• What is required
With pictures left out, output exactly the lines of the listing below from the line that has "Skating Snow Man" to the line that has "河南国原贸易有限公司上半年减", both lines kept.

• Provided information

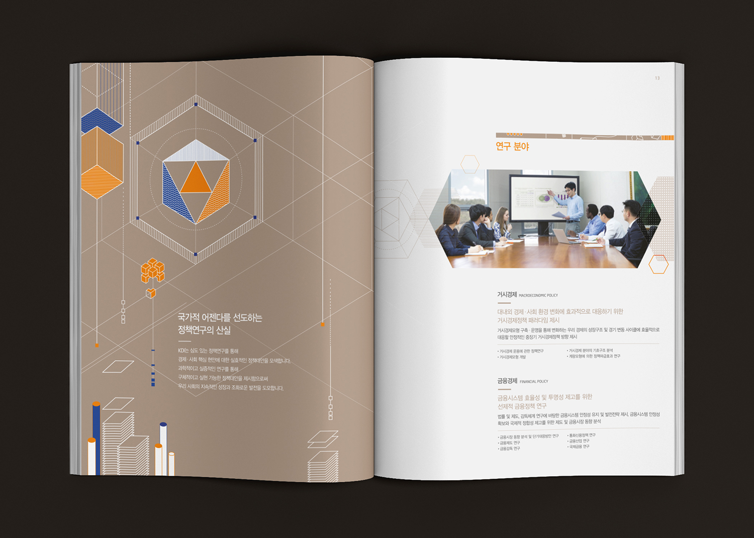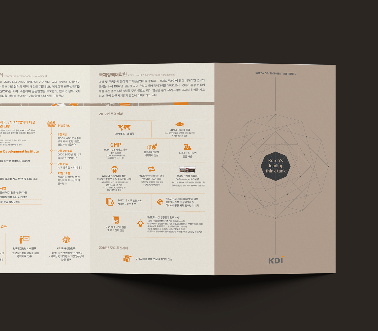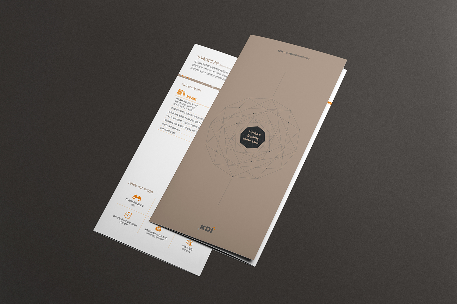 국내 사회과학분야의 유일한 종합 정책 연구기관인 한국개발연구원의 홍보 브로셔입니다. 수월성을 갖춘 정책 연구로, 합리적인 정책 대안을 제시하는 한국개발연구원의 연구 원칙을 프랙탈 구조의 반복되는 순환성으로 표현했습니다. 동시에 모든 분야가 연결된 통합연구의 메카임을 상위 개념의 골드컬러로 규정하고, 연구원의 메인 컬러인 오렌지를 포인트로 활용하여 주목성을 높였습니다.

--

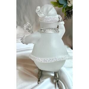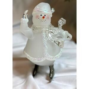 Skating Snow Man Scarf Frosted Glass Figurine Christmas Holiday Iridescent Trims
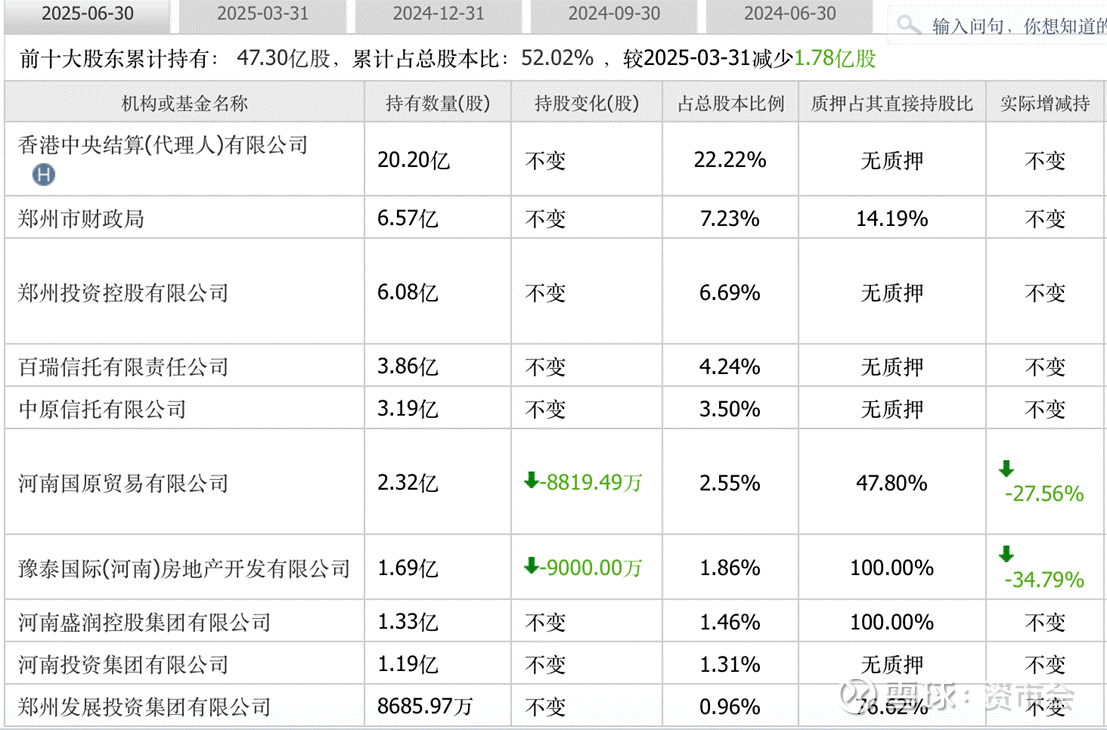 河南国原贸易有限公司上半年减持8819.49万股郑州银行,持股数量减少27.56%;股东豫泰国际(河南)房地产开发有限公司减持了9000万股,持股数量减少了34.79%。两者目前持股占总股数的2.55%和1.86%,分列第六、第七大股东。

• Exercise response
 Skating Snow Man Scarf Frosted Glass Figurine Christmas Holiday Iridescent Trims
 河南国原贸易有限公司上半年减持8819.49万股郑州银行,持股数量减少27.56%;股东豫泰国际(河南)房地产开发有限公司减持了9000万股,持股数量减少了34.79%。两者目前持股占总股数的2.55%和1.86%,分列第六、第七大股东。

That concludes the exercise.